- Collected data
##############################
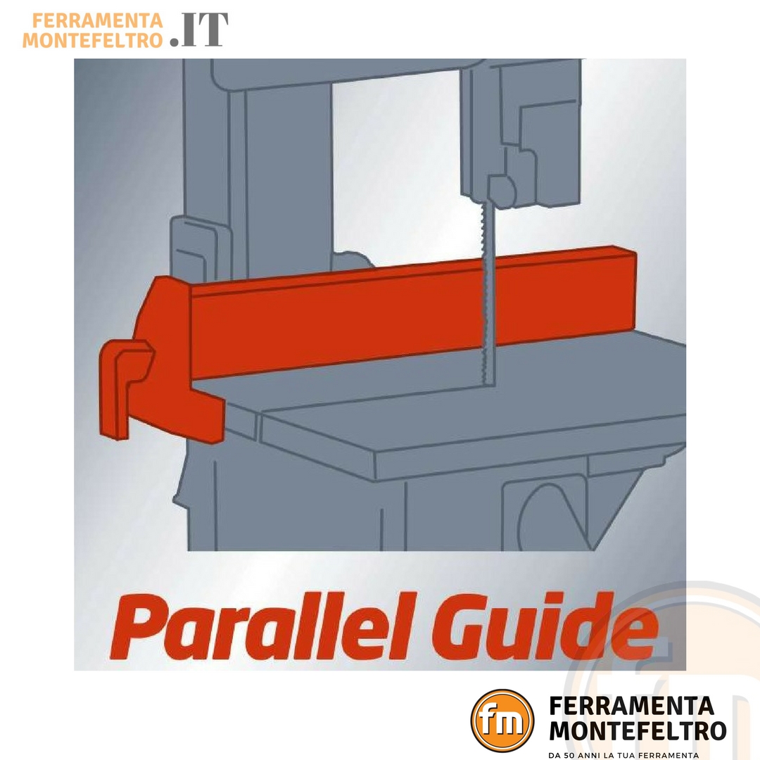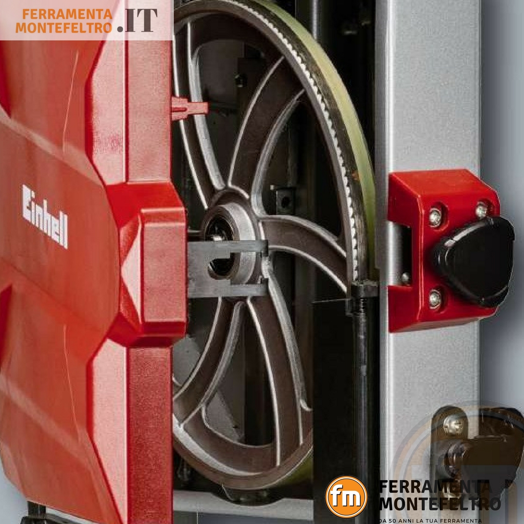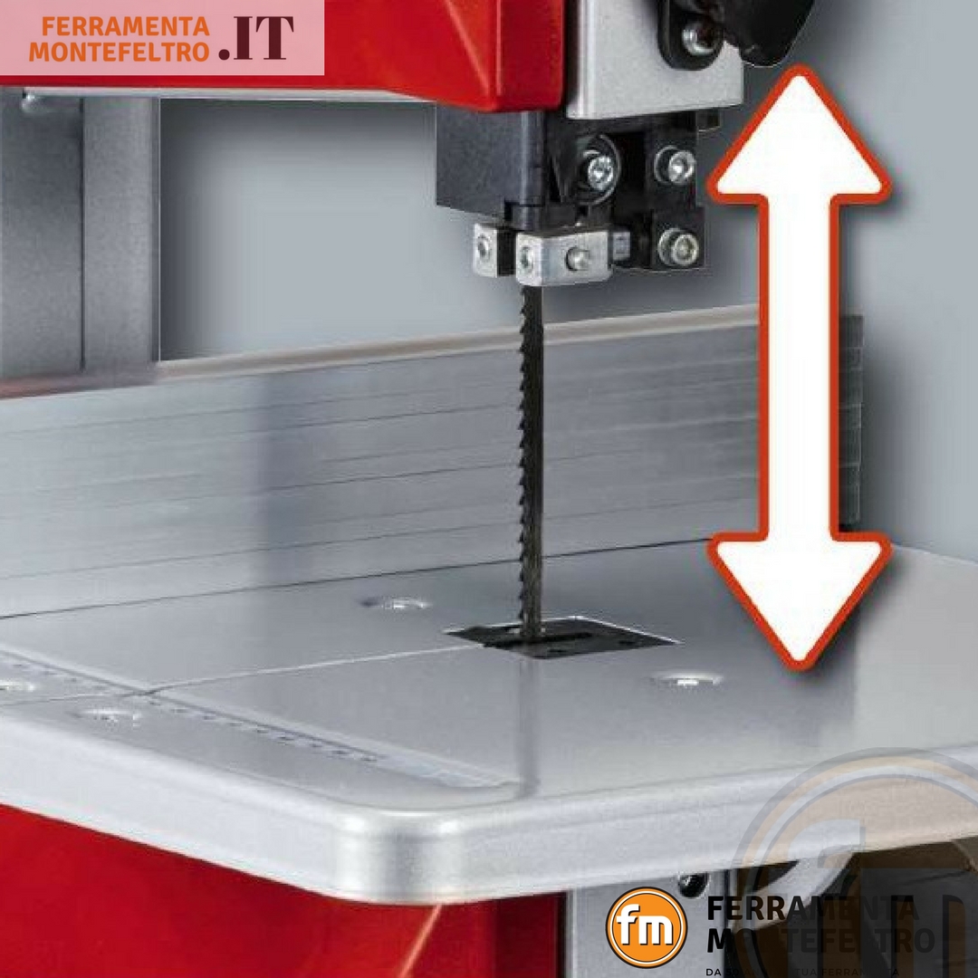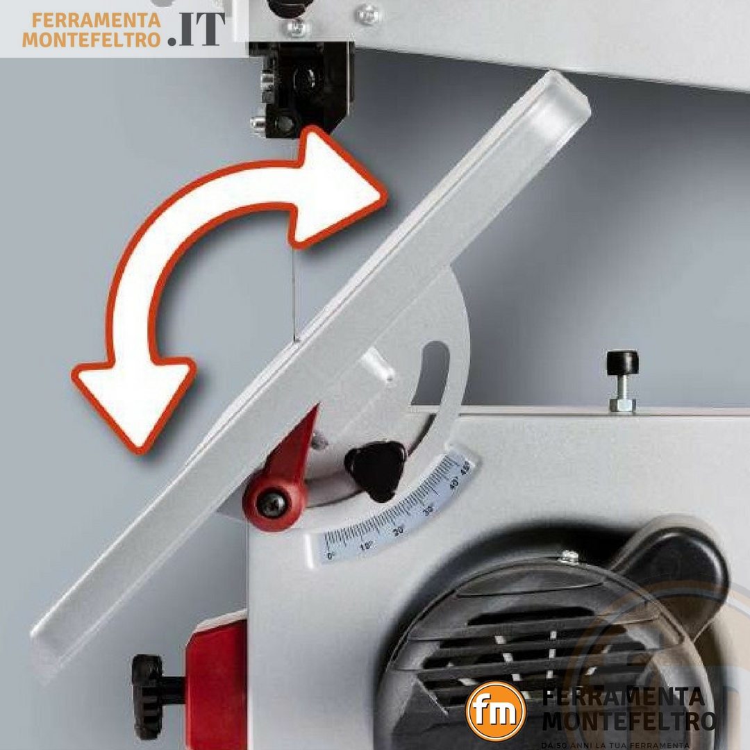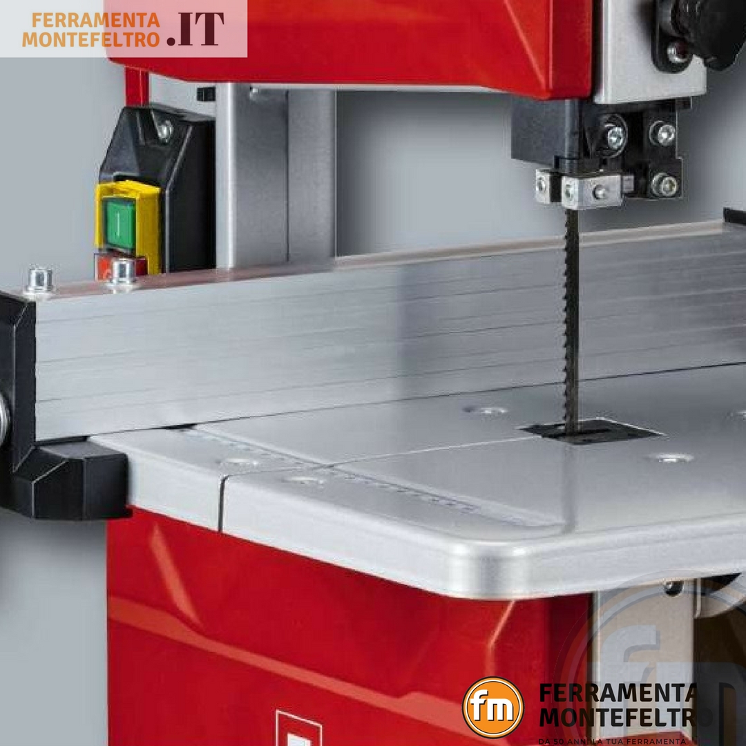 La protezione della lama è inoltre regolabile in altezza e quindi adattabile allo spessore del materiale da tagliare. Lo spintore compreso nella dotazione è indispensabile per lavorare in sicurezza con la sega a nastro.
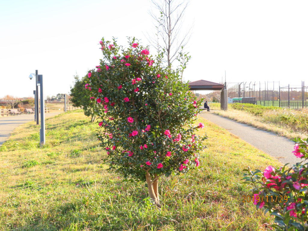 芝生グラウンドの東側で咲いています。
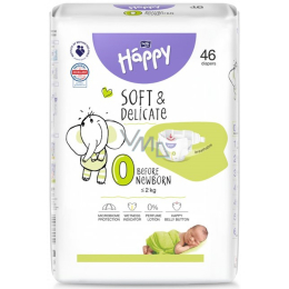 Bella Happy 0 Przedwczesne Noworodki od 0 - 2 kg jednorazowe pieluchy dla wcześniaków i dla noworodków z niską wagą urodzeniową 46 sztuk
##############################
- Work required
Retype the data above verbatim, minus images.

- Solution below
 La protezione della lama è inoltre regolabile in altezza e quindi adattabile allo spessore del materiale da tagliare. Lo spintore compreso nella dotazione è indispensabile per lavorare in sicurezza con la sega a nastro.
 芝生グラウンドの東側で咲いています。
 Bella Happy 0 Przedwczesne Noworodki od 0 - 2 kg jednorazowe pieluchy dla wcześniaków i dla noworodków z niską wagą urodzeniową 46 sztuk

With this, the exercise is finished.